Source data>
____

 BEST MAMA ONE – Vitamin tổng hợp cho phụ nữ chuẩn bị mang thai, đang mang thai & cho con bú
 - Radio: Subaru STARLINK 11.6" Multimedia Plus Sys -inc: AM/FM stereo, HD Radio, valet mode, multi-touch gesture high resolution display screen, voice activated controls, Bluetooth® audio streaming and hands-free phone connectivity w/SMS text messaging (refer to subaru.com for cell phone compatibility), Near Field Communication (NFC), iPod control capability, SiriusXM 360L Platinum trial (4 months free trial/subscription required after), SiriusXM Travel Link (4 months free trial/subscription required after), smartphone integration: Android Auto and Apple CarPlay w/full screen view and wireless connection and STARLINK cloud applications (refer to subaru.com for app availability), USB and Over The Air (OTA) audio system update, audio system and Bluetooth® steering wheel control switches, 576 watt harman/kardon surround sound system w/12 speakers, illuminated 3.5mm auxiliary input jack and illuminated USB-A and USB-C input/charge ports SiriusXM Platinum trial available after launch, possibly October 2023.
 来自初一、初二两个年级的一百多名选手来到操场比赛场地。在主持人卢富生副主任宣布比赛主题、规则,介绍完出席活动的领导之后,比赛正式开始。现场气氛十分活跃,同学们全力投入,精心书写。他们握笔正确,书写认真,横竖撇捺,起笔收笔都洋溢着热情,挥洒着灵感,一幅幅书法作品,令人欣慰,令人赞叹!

____

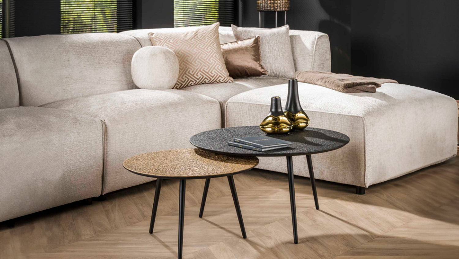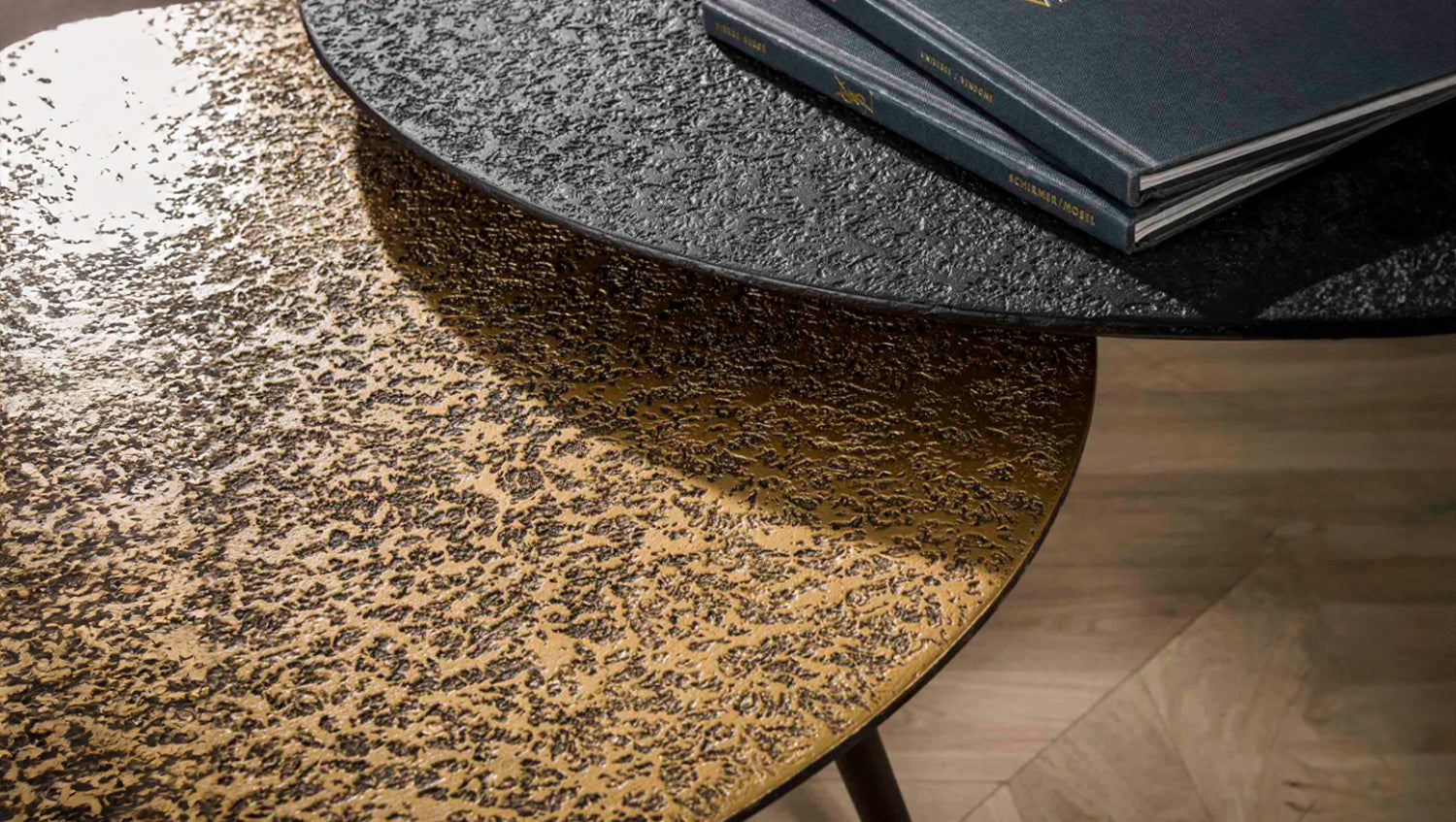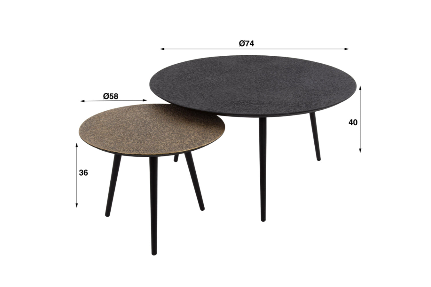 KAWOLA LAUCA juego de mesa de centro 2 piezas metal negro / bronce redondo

____

Output the material above exactly, but only from the line that carries "- Radio: Subaru" through the line that carries "来自初一、初二两个年级的一百".

Exercise answer>
 - Radio: Subaru STARLINK 11.6" Multimedia Plus Sys -inc: AM/FM stereo, HD Radio, valet mode, multi-touch gesture high resolution display screen, voice activated controls, Bluetooth® audio streaming and hands-free phone connectivity w/SMS text messaging (refer to subaru.com for cell phone compatibility), Near Field Communication (NFC), iPod control capability, SiriusXM 360L Platinum trial (4 months free trial/subscription required after), SiriusXM Travel Link (4 months free trial/subscription required after), smartphone integration: Android Auto and Apple CarPlay w/full screen view and wireless connection and STARLINK cloud applications (refer to subaru.com for app availability), USB and Over The Air (OTA) audio system update, audio system and Bluetooth® steering wheel control switches, 576 watt harman/kardon surround sound system w/12 speakers, illuminated 3.5mm auxiliary input jack and illuminated USB-A and USB-C input/charge ports SiriusXM Platinum trial available after launch, possibly October 2023.
 来自初一、初二两个年级的一百多名选手来到操场比赛场地。在主持人卢富生副主任宣布比赛主题、规则,介绍完出席活动的领导之后,比赛正式开始。现场气氛十分活跃,同学们全力投入,精心书写。他们握笔正确,书写认真,横竖撇捺,起笔收笔都洋溢着热情,挥洒着灵感,一幅幅书法作品,令人欣慰,令人赞叹!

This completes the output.